*GIVEN DATA*:
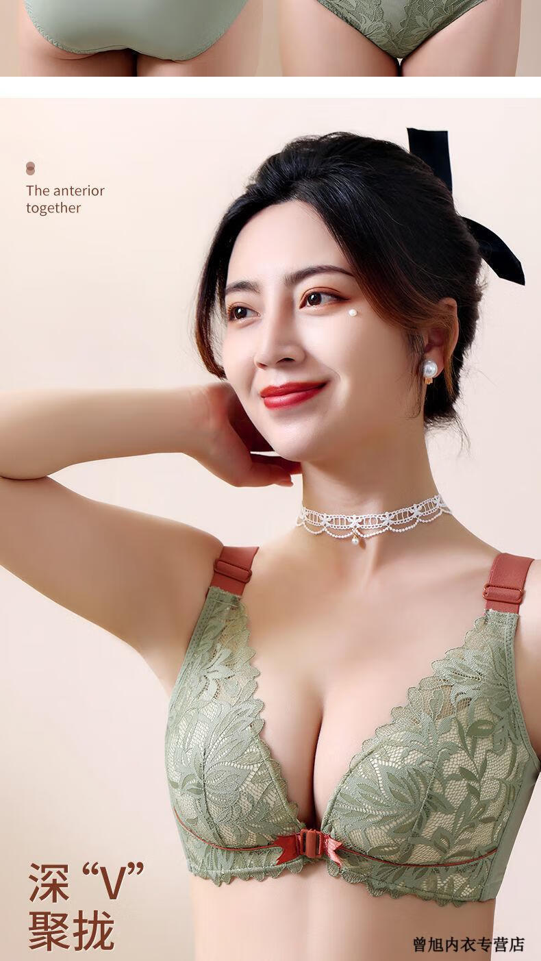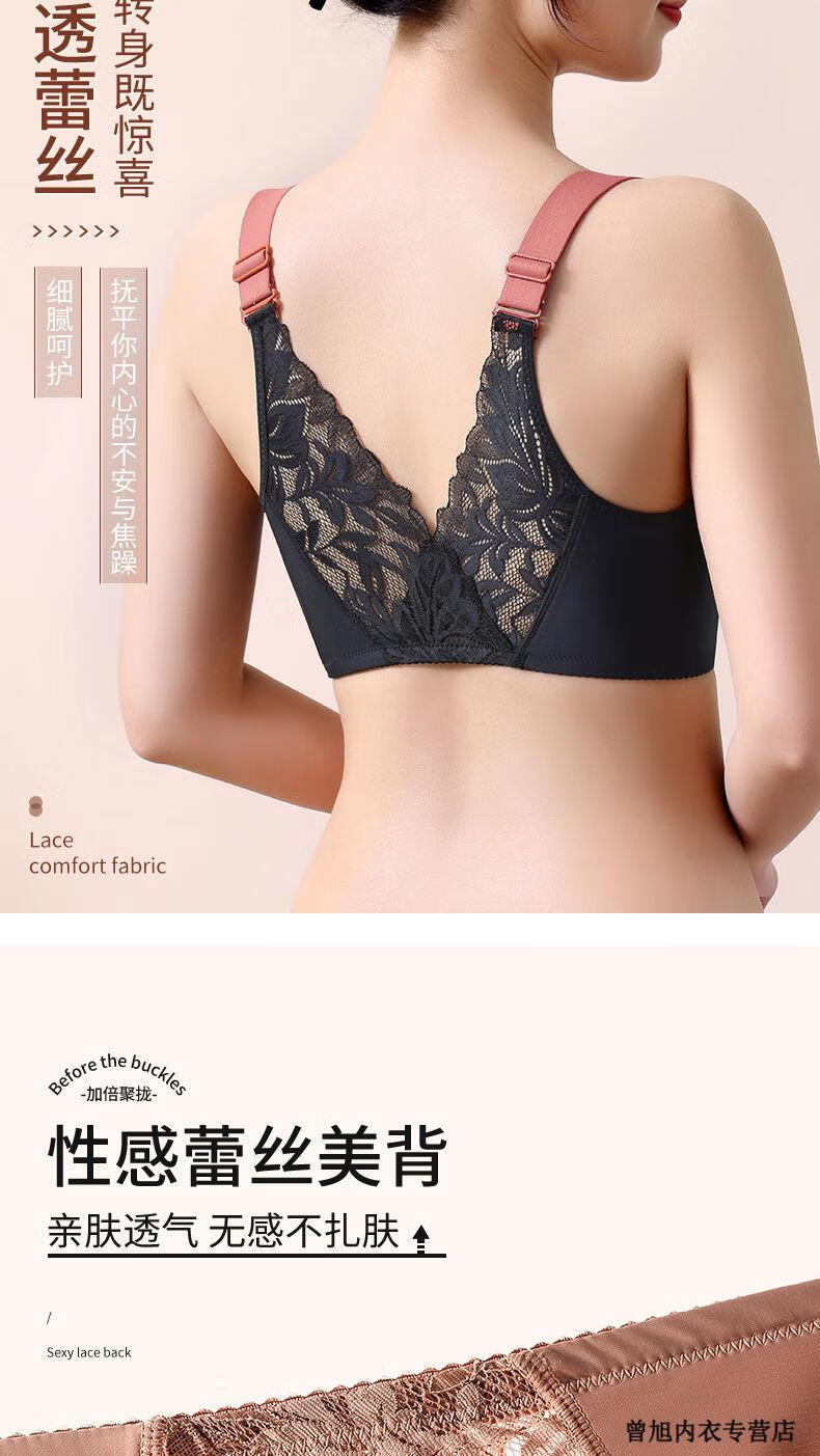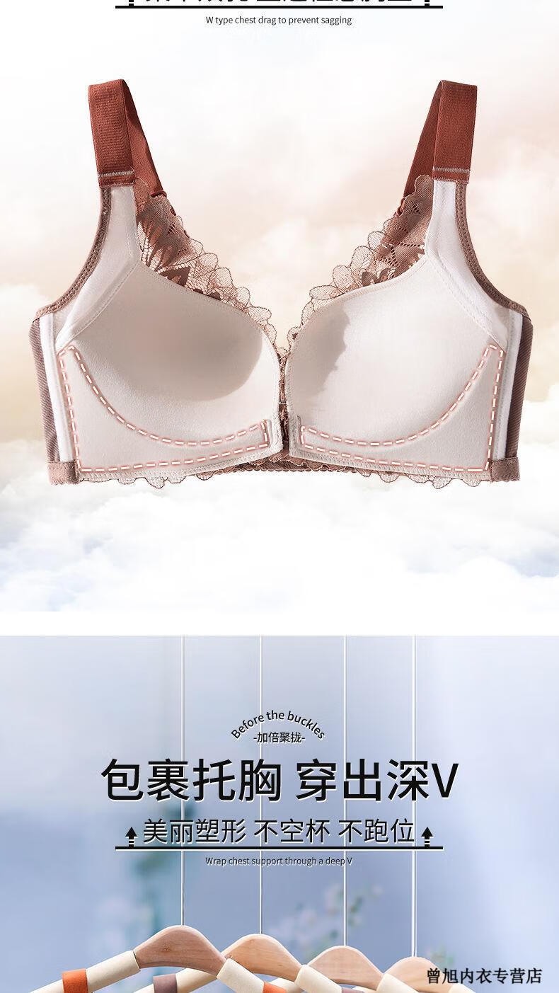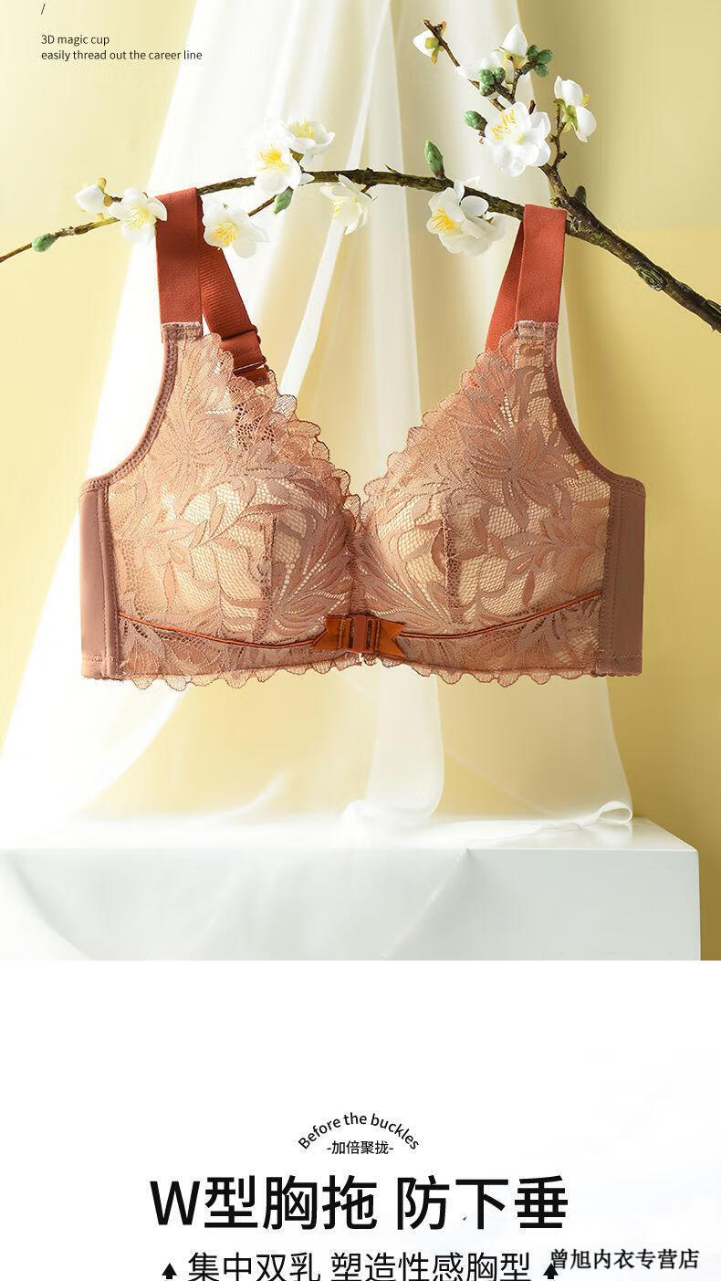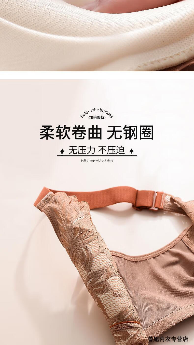 NJSKAKW Thickness optional, large size front button bra, push-up, side breasts, no steel ring, sexy back set, apricot single piece + champagne single piece, 2 pieces, 80C 36C thin cup
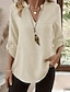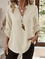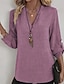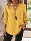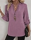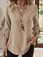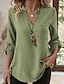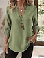 Women's Summer Tops Blouse Dressy Tops Solid Color Plain Elegant Vintage Ladies 3/4 Length Sleeve Shirt Collar Regular Tops Daily Work Going out Ruched Patchwork Pocket Blue Yellow Purple Green Khaki
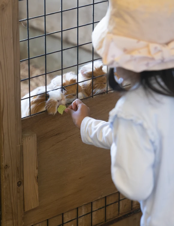 かわいい動物たちがエサを⾷べる様⼦を間近で⾒られ、
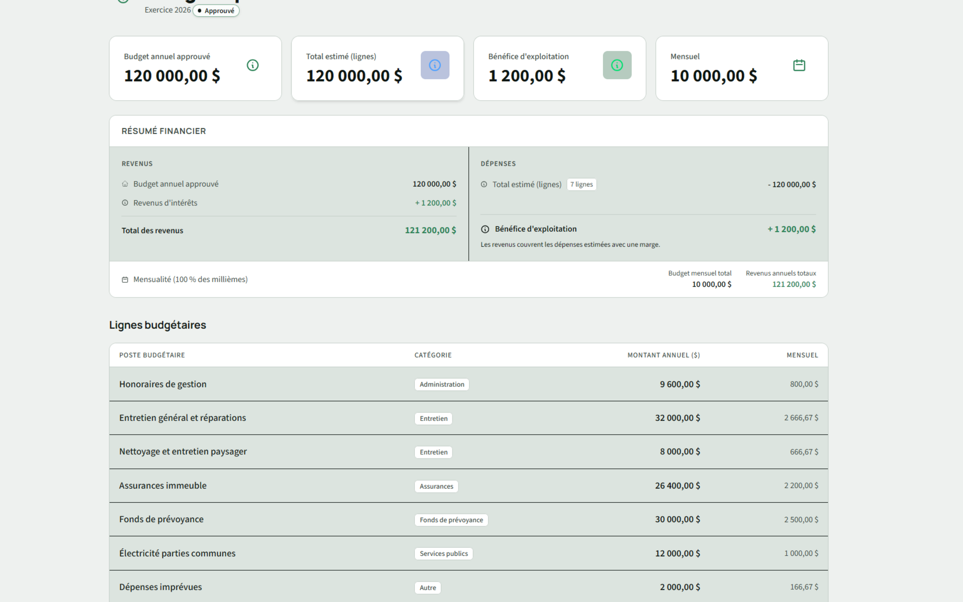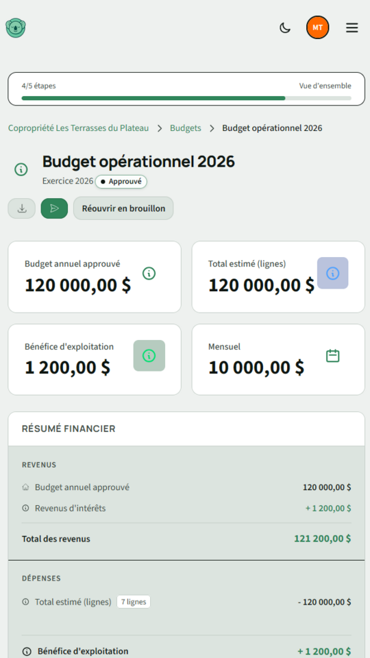 Gérez le budget de votre syndicat, suivez les dépenses et générez les appels de fonds. Une vue claire des finances pour tous les copropriétaires.

*WHAT THE TASK REQUIRES*: The response must match the listing exactly, except that pictures are removed.

*ANSWER AREA*:
 NJSKAKW Thickness optional, large size front button bra, push-up, side breasts, no steel ring, sexy back set, apricot single piece + champagne single piece, 2 pieces, 80C 36C thin cup
 Women's Summer Tops Blouse Dressy Tops Solid Color Plain Elegant Vintage Ladies 3/4 Length Sleeve Shirt Collar Regular Tops Daily Work Going out Ruched Patchwork Pocket Blue Yellow Purple Green Khaki
 かわいい動物たちがエサを⾷べる様⼦を間近で⾒られ、
 Gérez le budget de votre syndicat, suivez les dépenses et générez les appels de fonds. Une vue claire des finances pour tous les copropriétaires.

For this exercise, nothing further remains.